Odin envoya donc Loki au Svartalfaheim. Loki arriva chez le nain qui s'appelle Andvari alors que celui-ci avait pris dans l'eau la forme d'un poisson. Loki l'attrapa et exigea de lui, comme rançon, tout l'or qu'il possédait dans son rocher. Quand ils pénétrèrent dans le rocher, le nain apporta tout l'or qu'il possédait, c'était une immense fortune. Mais le nain dissimula sous son bras un petit anneau d'or. Loki le vit et lui ordonna de livrer l'anneau. Le nain le pria de ne pas lui prendre cet anneau, en déclarant que, s'il le conservait, il pourrait faire renaître et fructifier sa fortune à partir de lui. Mais Loki lui répondit qu'il ne conserverait pas le moindre sou, puis il lui prit l'anneau et sortit, alors le nain proclama que cet anneau provoquerait la mort de quiconque le posséderait. Loki répliqua que cela lui plaisait fort et déclara aussi que ces paroles pourraient bien conserver toute leur validité quand il les répéterait à celui qui recevrait l'anneau.

Sur ces entrefaites, Loki partit, revint chez Hreidmar et montra l'or à Odin. Quand celui-ci vit l'anneau, il le trouva beau, l'enleva du trésor et livra l'or à Hreidmar. Ce dernier remplit la peau de la loutre autant qu'il le put, et, quand elle fut pleine, il la remit sur ses pattes. Alors Odin s'avança et se mit en devoir de la recouvrir d'or. Quand il eût fini, il dit à Hreidmar de venir voir si la peau était entièrement recouverte. Hreidmar examina attentivement le tas, aperçut l'une des moustaches et dit qu'il fallait la recouvrir, faute de quoi la réconciliation ne pourrait être obtenue.

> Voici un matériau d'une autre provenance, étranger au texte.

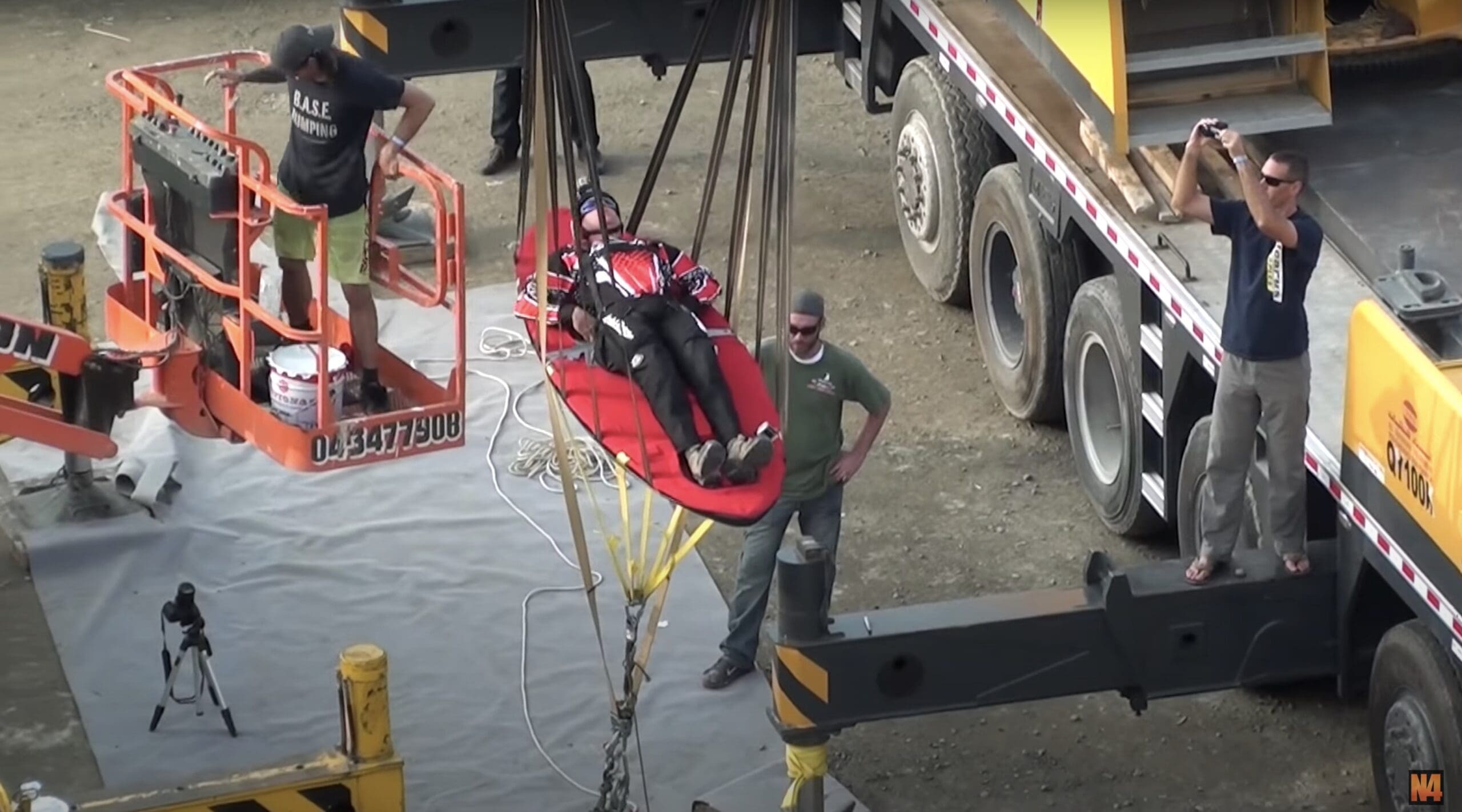 This is some Wiley Coyote stuff right here. Chris Douggs McDougall and Jimmy Pouchert traveled to Dubai for this incredible stunt. They were catapulted 300 feet in the air using a some industrial rubber bands strung between two construction cranes and went from 0-125mph in 1 second, experiencing over 6G’s. So Gnarly!

Alors Odin sortit l'anneau, en recouvrit la moustache et déclara qu'il s'était à présent acquitté du tribut de la loutre. Quand Odin eût repris sa lance et Loki ses chaussures et qu'ils n'avaient alors plus rien à craindre, Loki déclara que ce qu'avait proclamé Andvari se réaliserait, à savoir que l'anneau et l'or provoqueraient la mort de celui qui les posséderait.

Et ce fut ce qui se réalisa par la suite, voilà pourquoi l'or est appelé " tribut de la loutre ", ou " rançon imposée aux Ases ", ou " métal des discordes ".